My nostrils flare. I feel them do it. Listening to him would be so easy, but I know he's not telling me everything. If he hated Greg so badly he wouldn't be around him. There's more to it, I know there is.
"Then why d'you let him fuck you?" The words blurt out before I can stop them and Ryan glares at me.
"Oh, what now?"
"After I borrowed your shirt. After he deep fried your fucking leg. You let him. I know – everyone in that kitchen knows."
Ryan practically snarls, but it's not at me. His nose wrinkles up and his hand tugs into his hair. "Yeah? You all know, do you?" He shakes his head and hands me the other tightly wrapped newspaper packet.
He sits down on the bare mattress and unwraps the paper securing his bundle, forking into the steaming, vinger-infused mass with a tiny wooden prong that looks so stupid in his broad hand.
"You don't know anything. I told you, Greg's a vindictive fuck."
"So why's he hanging round?" Don't want to have this fight, but it's gone past the point where I can push it to the back of my mind. Ryan didn't deserve me thinking everything I thought of him before I knew he was coming back.
His eyes move up to meet mine and he shoves at the fish and chips; I'm hungry, but just now I don't feel like eating mine.
"I owe him money," he says shortly, ducking his head back down in a way that makes me not want to ask how much. He shrugs uncomfortably and a humourless smile stretches taut on his face, lips far too thin. Do I believe that? Maybe.
"It's always complicated when you're with someone a long time. We did a lot of splitting up – a lot of getting back together. And I guess he thinks it's all just the same old cycle. But it's not. I'm done with him and everything else. He'll fuck off when he realises that. He's always hated it here."

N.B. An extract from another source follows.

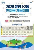(플러스인뉴스) 운정1·2동 체육회는 오는 25일 운정체육공원(가람로 150번길 41-33)에서 ‘2025 운정1·2동 한마음 체육대회’를 개최한다고 밝혔다. 이번 2025 운정1·2동 한마음 체육대회는 작년에 이어 두 동이 함께 개최하면서 운정 1·2동 주민들의 건강증진과 화합을 이루는 데 중점을 뒀다. 행사는 오전 10시 40분 개회식을 시작으로, ▲어린이 장애물 달리기 ▲신발 양궁 등 온 가족이 즐길 수 있는 다양한 체육 프로그램이 진행될 예정이다. 또한 ▲고고장구 ▲태권도 시범단 ▲거리 공연 ▲파주시 홍보대사 김설·김성대의 축하공연이 더해져 풍성한 볼거리를 제공한다. 지역사회에서 후원한 다양한 경품도 준비되어 있으며, 참가자들의 편의를 위해 주요 아파트 단지 앞에서 승차할 수 있는 순환 버스를 운영할 계획이다. 이대영 운정2동 체육회장은 “같은 생활권을 가진 운정1동과 운정2동 주민들이 한자리에 모여 여유를 즐기고 화합할 수 있는 장이 될 수 있도록 열심히 준비했다”라며 “행사가 성공적으로 운영될 수 있도록 주민들의 많은 참여를 부탁드린다”라고 전했다. [뉴스출처 : 경기도 파주시]

He breathes out, shrugging again and part of me thinks I'm being palmed off, but I can hardly ask for more information, when officially Ryan thinks I'm keeping chickens in the kitchen rather than my dementia-ridden father. Even though I've half-way told him, he's been good enough not to ask; the least I can do is return the favour.
"Ok," I mutter softly, sitting down next to him, one leg under me and then letting myself trace over the line of his shoulder blade and the soft muscles that spread down to his back and along, under his armpit and let my forehead rest against his side because I want to touch him, want to smooth back my mistake, and ignore the worm inside me that always thought I wasn't worth what he wants to give.
"Trust me, yeah?"
"Yeah."
Ryan nudges into me, unstoppable smile brimming over and for the first time I wonder how real it is.
"Fucksake Alfie, eat something. That's at least an hour's wages just there."
It might not be the full truth, but for now it's enough to make me trust him and I can feel my own smile relax onto my lips. He's going to be there in the morning. There's nowhere else he wants to run off to, and nothing I've shown him has scared him away but I don't know why not.